When it comes to apocalyptic fare, for every 50 films like Armageddon and Resident Evil, for every meteor and viral outbreak, for every heroic act and wandering last man on Earth we get something unique – something you might not even initially associate with the popular (usually FX-heavy) Hollywood offerings.
The end of days gets a romantic twist in this Friday’s Seeking a Friend for the End of the Word starring Steve Carell and Keira Knightley, about two folks who find love at the most unfortunate of junctures: weeks before an asteroid slams into Terra Firma. So with that, we’re going to run through some past (successful) ways the apocalypse has been approached that doesn’t conform to the norm.
When we think the end of the world, we think the end of mankind – it’s synonymous. Upon hearing an alien race is about to nuke the planet, nobody cries out “oh, god it’s curtains for the platypus!” Humans are inherently self-preserving and always think number one (as a species) when the shit hits the fan.

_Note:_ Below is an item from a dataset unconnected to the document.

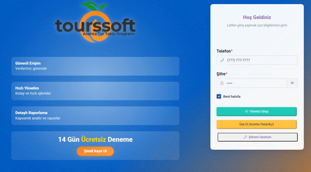Acentalar için geliştirdiğimiz Yapay Zeka Destekli Tur Takip Sistemi – ToursSoft, tüm tur operasyonlarınızı tek merkezden yönetmenizi sağlar.
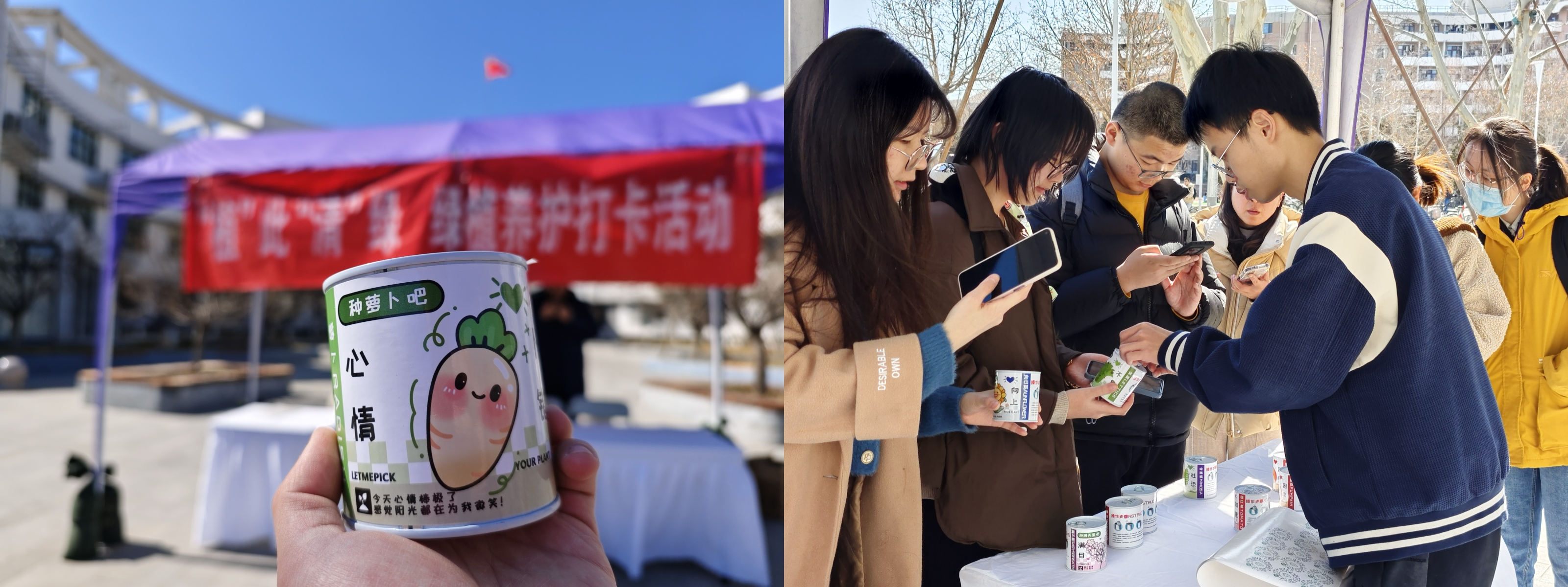 3月12日,beat365中文官方网站研究生团委开展“植”此“清”绿绿植养护打卡活动线下路演,通过发放植物罐头,鼓励大家记录植物生长过程,体会日耕夜盼、辛勤呵护作物的劳动精神,促进同学们在劳动过程中增强环保意识。活动现场共发放了150余个植物罐头,吸引近200名同学线上参与打卡活动。

So let me pose a question and be sure to answer quickly (and truthfully) in your mind: do you consider Antz to be an apocalypse film? Of course not, but let’s consider the following: this colony of arthropods exists as an intricate society, an isolated universe that has no bearing on the global ant population. So at the climax, when the “lake” floods into the ant hill, threatening to kill all its inhabitants and wipe that subterranean universe from history, how can this not be viewed as an apocalyptic event?
Similarly, we can draw parallels from the eradication of a specific race to that doomsday. Take Apocalypto for instance. Even though the name says it all off the start, the arrival of the Spanish at the end marks the beginning of the end for the Mayans. Toss in prophecy, gods and the general tone and it very much feels like a film of the apocalyptic variety.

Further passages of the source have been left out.